= Cubic honeycomb honeycomb =

Cubic honeycomb honeycomb
(No image)
| Type | Hyperbolic regular honeycomb |
| Schläfli symbol | {4,3,4,3} {4,3^{1,1,1}} |
| Coxeter diagram | ↔ ↔ |
| 4-faces | {4,3,4} |
| Cells | {4,3} |
| Faces | {4} |
| Face figure | {3} |
| Edge figure | {4,3} |
| Vertex figure | {3,4,3} |
| Dual | Order-4 24-cell honeycomb |
| Coxeter group | R_{4}, [4,3,4,3] |
| Properties | Regular |

In the geometry of hyperbolic 4-space, the cubic honeycomb honeycomb is one of two paracompact regular space-filling tessellations (or honeycombs). It is called paracompact because it has infinite facets, whose vertices exist on 3-horospheres and converge to a single ideal point at infinity. With Schläfli symbol {4,3,4,3}, it has three cubic honeycombs around each face, and with a {3,4,3} vertex figure. Acronym: chont

It is dual to the order-4 24-cell honeycomb.

== Related honeycombs ==
It is related to the Euclidean 4-space 16-cell honeycomb, {3,3,4,3}, which also has a 24-cell vertex figure.

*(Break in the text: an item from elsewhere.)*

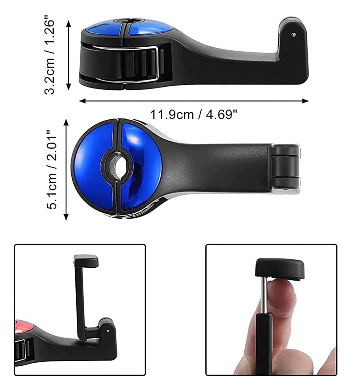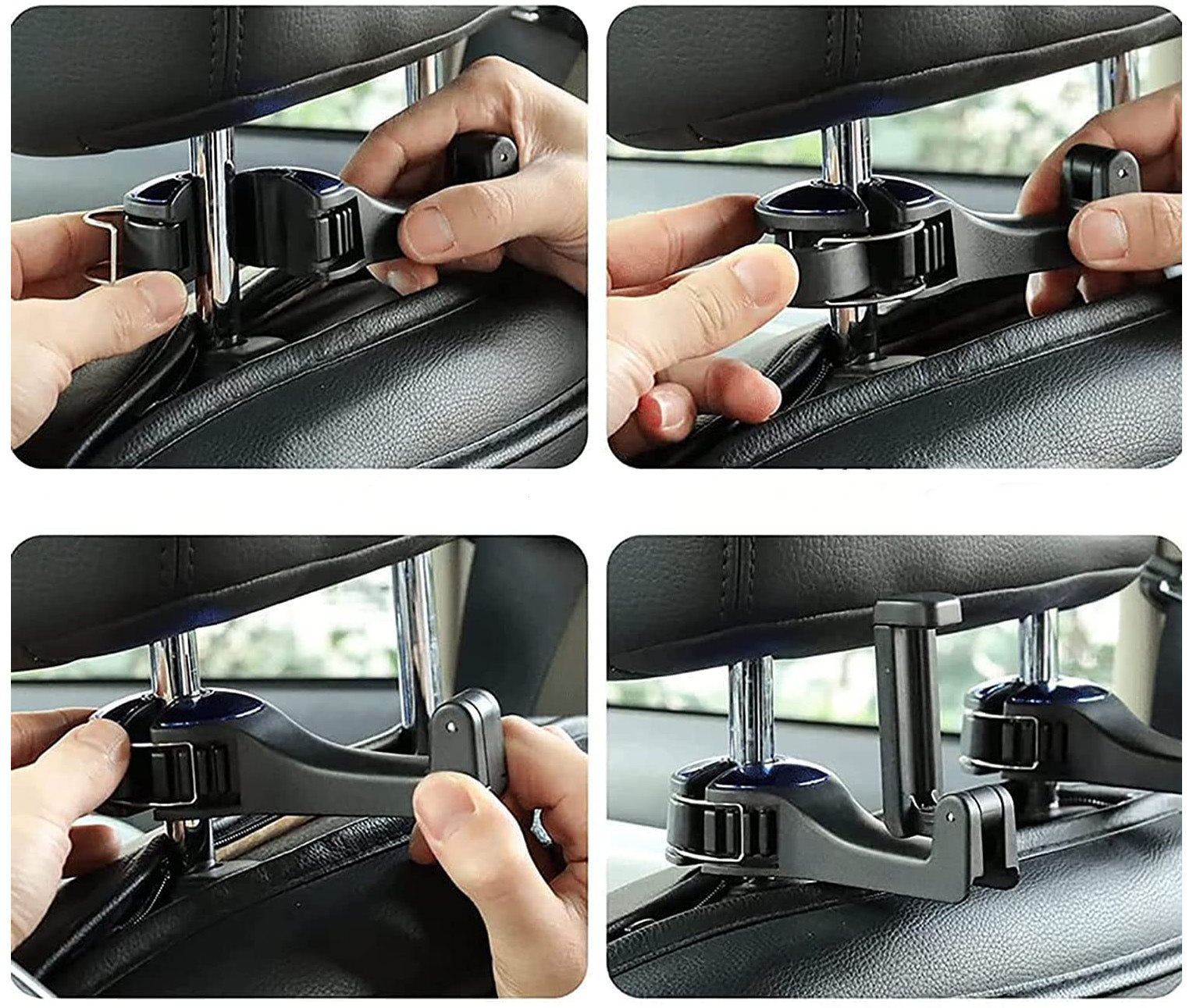 Bilens nackstödshängare har en snygg och modern design och är tillverkad av högkvalitativt ABS och silikongummi, vilket gör den superhållbar och kan hålla upp till 22 pund utan att spricka. Den unika låsdesignen och den mjuka tandade kroken säkerställer att dina föremål stannar säkert på plats.

It is analogous to the paracompact tesseractic honeycomb honeycomb, {4,3,3,4,3}, in 5-dimensional hyperbolic space, square tiling honeycomb, {4,4,3}, in 3-dimensional hyperbolic space, and the order-3 apeirogonal tiling, {∞,3} of 2-dimensional hyperbolic space, each with hypercube honeycomb facets.